Malgré l’incontournable intérêt porté à l’assainissement de l’espace urbain et aux actions massives de dégourbification (c.f. p111), les politiques urbaines se sont aussi dirigées vers la réalisation d’un ensemble de projets, qui malgré tout n’ont pas eu un grand impact sur la transformation de configuration urbaine de la capitale. La première action entreprise au centre-ville était la suppression du tramway en 1960 et des trolleybus en 1963 et leur remplacement par les bus (M. Chabbi, 2005). Au centre-ville, la construction en 1964 de l’hôtel Africa, devenu ensuite la référence spatiale de la capitale, marque le paysage urbain de Tunis (Figure 14).
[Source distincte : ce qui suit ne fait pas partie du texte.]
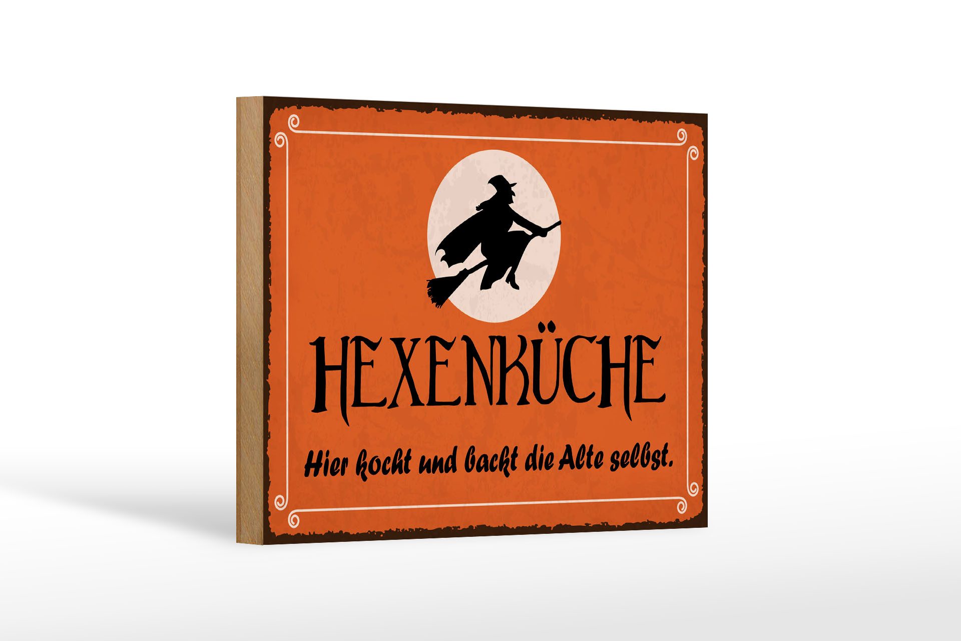 Holzbild Spruch 12x18 cm Hexenküche Hier kocht und backt die Alte selbst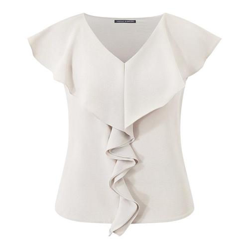 [미니멈에브리데이][미니멈 에브리데이]웨이브 러플 브이넥 민소매 블라우스 (EC2BA001D)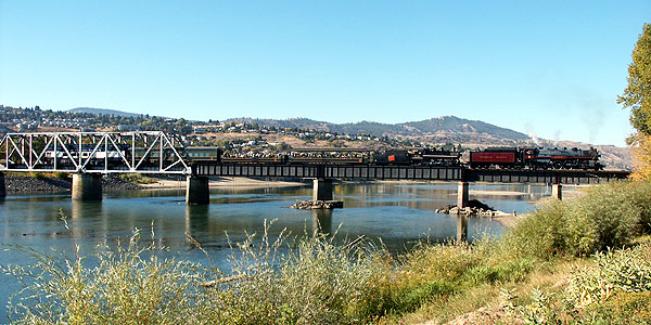 One trip during the event was made with a guest addition - Canadian Pacific's 4-6-4 2816, aka "Empress". Here, we see the doubleheader crossing over the South Thompson River with a four car train. Last in line is Rocky Mountaineer dome RMR 9501, the first dome built for the excursion company. Photo by Gordon Hall, courtesy of the Kamloops Heritage Railway. Sept. 20, 2003.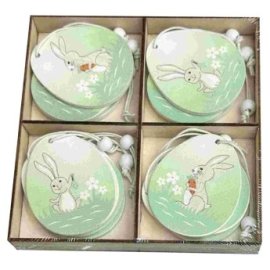 73-2185 Αυγα Ξύλινα Κρεμαστά Πράσινα με Λαγό σετ-12τεμ Ξύλινο κουτί-13x13cm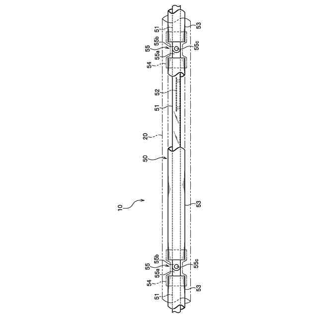 隣り合う二本の前記芯材は、少なくとも前記トンネルの延長方向に沿う水平軸線回りに傾動自在に連結されており、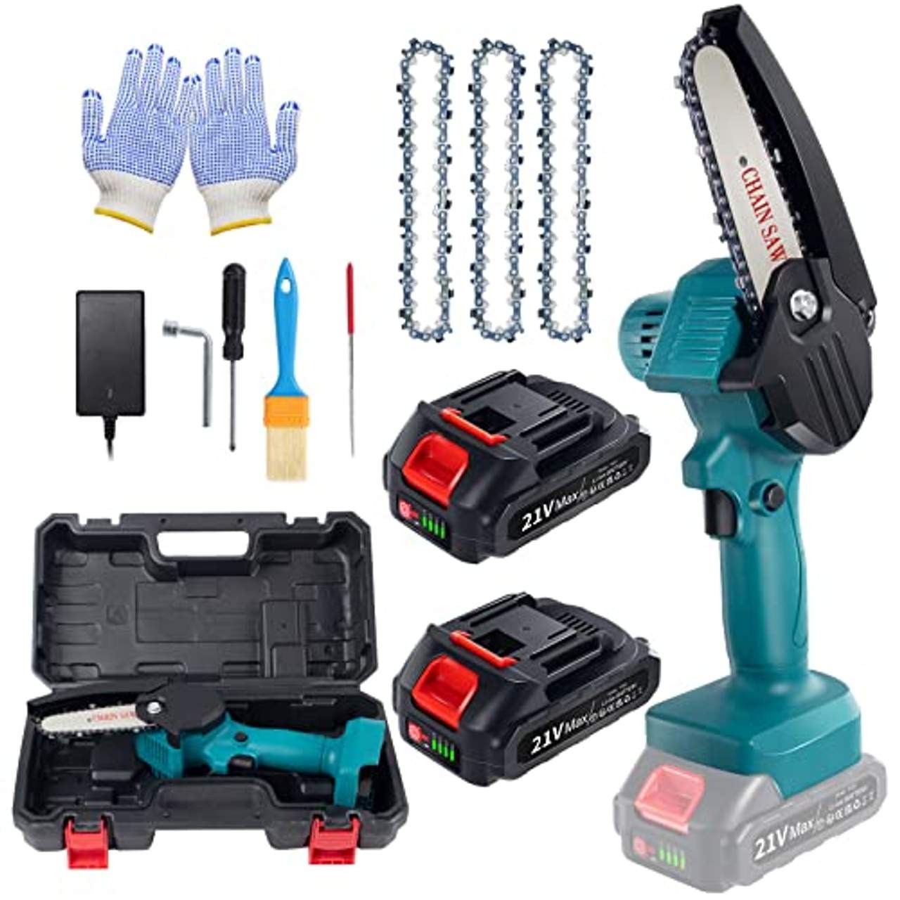 Das Mini-Kettensägen-Set enthält 1 Akku-Kettensäge, 2 Akkus für eine ausreichende Stromversorgung, 3 Ersatzketten, 1 Ladegerät zum Aufladen der Akkus, 1 Schraubendreher für alle notwendigen Einstellungen, 1 Schraubenschlüssel für Wartungsarbeiten, 1 Bedienungsanleitung für die Anleitung und 1 Aufbewahrungsbox für den bequemen Transport und den Einsatz im Freien.

Figure 14 : L'hôtel Africa : une référence dans le paysage urbain de la ville de Tunis

Les actions entreprises au niveau des zones résidentielles se manifestent par la construction en 1964 du quartier de haut standing de Notre Dame à Mutuelle-ville, dans la périphérie de la ville, ensuite en 1967 la construction par la S.N.I.T (Société Nationale Immobilière de Tunisie) du quartier d'EI Menzah (SNIT, 2003). Dans le but de réglementer les zones d’urbanisation spontanée de la ville, les quartiers d'Ezzouhour à l'ouest de Tunis et la cité Ettahrir ont été construits en 1968 par la municipalité de Tunis.

À cette époque l’identité de la ville et des citoyens, ne préoccupait pas les décideurs. L’importance de la qualité de vie et la mise en place d’un système urbain efficace prédominaient. Mais cela n’a tout de même pas empêché la création de regroupements et la prolifération de quartiers selon les mêmes affinités et attraits sociaux. Ces nouvelles zones urbaines ont contribué à la naissance d’un mouvement de régénération urbaine massive et Tunis a passé d’une ville sous-équipée, à une agglomération disposant aujourd'hui de potentialités d’une vraie métropole.